- [Problem statement]: Copy out, exactly and with nothing else, the stretch of lines that starts at the line containing "時(shí)報(bào)訊(記者 張彤)" and finishes at the end of the data.

___ Given data

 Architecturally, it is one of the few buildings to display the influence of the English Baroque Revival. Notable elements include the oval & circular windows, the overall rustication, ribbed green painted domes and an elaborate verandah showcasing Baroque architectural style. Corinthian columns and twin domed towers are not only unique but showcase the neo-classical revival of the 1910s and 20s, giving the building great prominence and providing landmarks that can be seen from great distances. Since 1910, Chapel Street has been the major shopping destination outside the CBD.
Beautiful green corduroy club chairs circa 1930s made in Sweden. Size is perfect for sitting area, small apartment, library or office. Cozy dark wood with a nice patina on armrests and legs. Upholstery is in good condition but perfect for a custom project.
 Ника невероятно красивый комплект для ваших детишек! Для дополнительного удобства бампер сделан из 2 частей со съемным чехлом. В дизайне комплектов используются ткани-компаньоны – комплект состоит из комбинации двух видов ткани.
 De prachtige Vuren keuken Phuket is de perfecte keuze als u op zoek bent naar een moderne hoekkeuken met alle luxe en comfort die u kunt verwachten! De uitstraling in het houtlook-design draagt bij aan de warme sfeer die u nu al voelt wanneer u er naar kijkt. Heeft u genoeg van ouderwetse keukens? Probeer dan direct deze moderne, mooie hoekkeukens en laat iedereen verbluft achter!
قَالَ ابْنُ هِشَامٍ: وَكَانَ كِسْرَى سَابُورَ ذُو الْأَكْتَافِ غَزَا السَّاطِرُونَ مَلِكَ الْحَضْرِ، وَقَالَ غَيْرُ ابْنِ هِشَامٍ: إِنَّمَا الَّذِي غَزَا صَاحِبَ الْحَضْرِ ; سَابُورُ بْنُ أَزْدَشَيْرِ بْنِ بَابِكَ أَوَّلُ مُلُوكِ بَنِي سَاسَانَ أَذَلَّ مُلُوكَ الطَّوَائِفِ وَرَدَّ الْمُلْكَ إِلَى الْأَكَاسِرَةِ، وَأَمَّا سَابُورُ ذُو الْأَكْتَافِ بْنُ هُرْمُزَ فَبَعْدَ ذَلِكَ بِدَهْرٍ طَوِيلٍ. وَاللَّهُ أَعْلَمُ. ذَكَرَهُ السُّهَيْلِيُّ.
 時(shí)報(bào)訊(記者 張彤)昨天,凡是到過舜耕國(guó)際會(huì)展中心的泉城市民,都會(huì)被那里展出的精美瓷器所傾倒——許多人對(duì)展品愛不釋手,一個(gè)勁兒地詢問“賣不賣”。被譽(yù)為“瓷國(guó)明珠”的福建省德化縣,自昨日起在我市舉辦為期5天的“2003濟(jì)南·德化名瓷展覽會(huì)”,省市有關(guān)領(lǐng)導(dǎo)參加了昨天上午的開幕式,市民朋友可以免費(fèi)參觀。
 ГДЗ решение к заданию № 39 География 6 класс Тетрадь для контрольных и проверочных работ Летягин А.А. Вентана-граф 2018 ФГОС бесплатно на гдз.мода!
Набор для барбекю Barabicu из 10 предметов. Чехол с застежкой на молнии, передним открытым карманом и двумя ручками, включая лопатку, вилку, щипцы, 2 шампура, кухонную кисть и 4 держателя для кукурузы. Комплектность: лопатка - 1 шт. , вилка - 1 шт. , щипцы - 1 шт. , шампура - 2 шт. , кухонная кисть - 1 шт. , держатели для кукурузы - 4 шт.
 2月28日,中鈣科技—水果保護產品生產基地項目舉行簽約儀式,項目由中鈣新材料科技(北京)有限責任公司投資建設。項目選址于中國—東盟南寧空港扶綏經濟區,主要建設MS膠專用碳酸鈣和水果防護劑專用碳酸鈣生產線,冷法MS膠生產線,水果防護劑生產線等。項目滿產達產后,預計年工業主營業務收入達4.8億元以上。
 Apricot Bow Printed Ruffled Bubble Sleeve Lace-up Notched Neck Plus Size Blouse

______

- [Exercise output]:
 時(shí)報(bào)訊(記者 張彤)昨天,凡是到過舜耕國(guó)際會(huì)展中心的泉城市民,都會(huì)被那里展出的精美瓷器所傾倒——許多人對(duì)展品愛不釋手,一個(gè)勁兒地詢問“賣不賣”。被譽(yù)為“瓷國(guó)明珠”的福建省德化縣,自昨日起在我市舉辦為期5天的“2003濟(jì)南·德化名瓷展覽會(huì)”,省市有關(guān)領(lǐng)導(dǎo)參加了昨天上午的開幕式,市民朋友可以免費(fèi)參觀。
 ГДЗ решение к заданию № 39 География 6 класс Тетрадь для контрольных и проверочных работ Летягин А.А. Вентана-граф 2018 ФГОС бесплатно на гдз.мода!
Набор для барбекю Barabicu из 10 предметов. Чехол с застежкой на молнии, передним открытым карманом и двумя ручками, включая лопатку, вилку, щипцы, 2 шампура, кухонную кисть и 4 держателя для кукурузы. Комплектность: лопатка - 1 шт. , вилка - 1 шт. , щипцы - 1 шт. , шампура - 2 шт. , кухонная кисть - 1 шт. , держатели для кукурузы - 4 шт.
 2月28日,中鈣科技—水果保護產品生產基地項目舉行簽約儀式,項目由中鈣新材料科技(北京)有限責任公司投資建設。項目選址于中國—東盟南寧空港扶綏經濟區,主要建設MS膠專用碳酸鈣和水果防護劑專用碳酸鈣生產線,冷法MS膠生產線,水果防護劑生產線等。項目滿產達產后,預計年工業主營業務收入達4.8億元以上。
 Apricot Bow Printed Ruffled Bubble Sleeve Lace-up Notched Neck Plus Size Blouse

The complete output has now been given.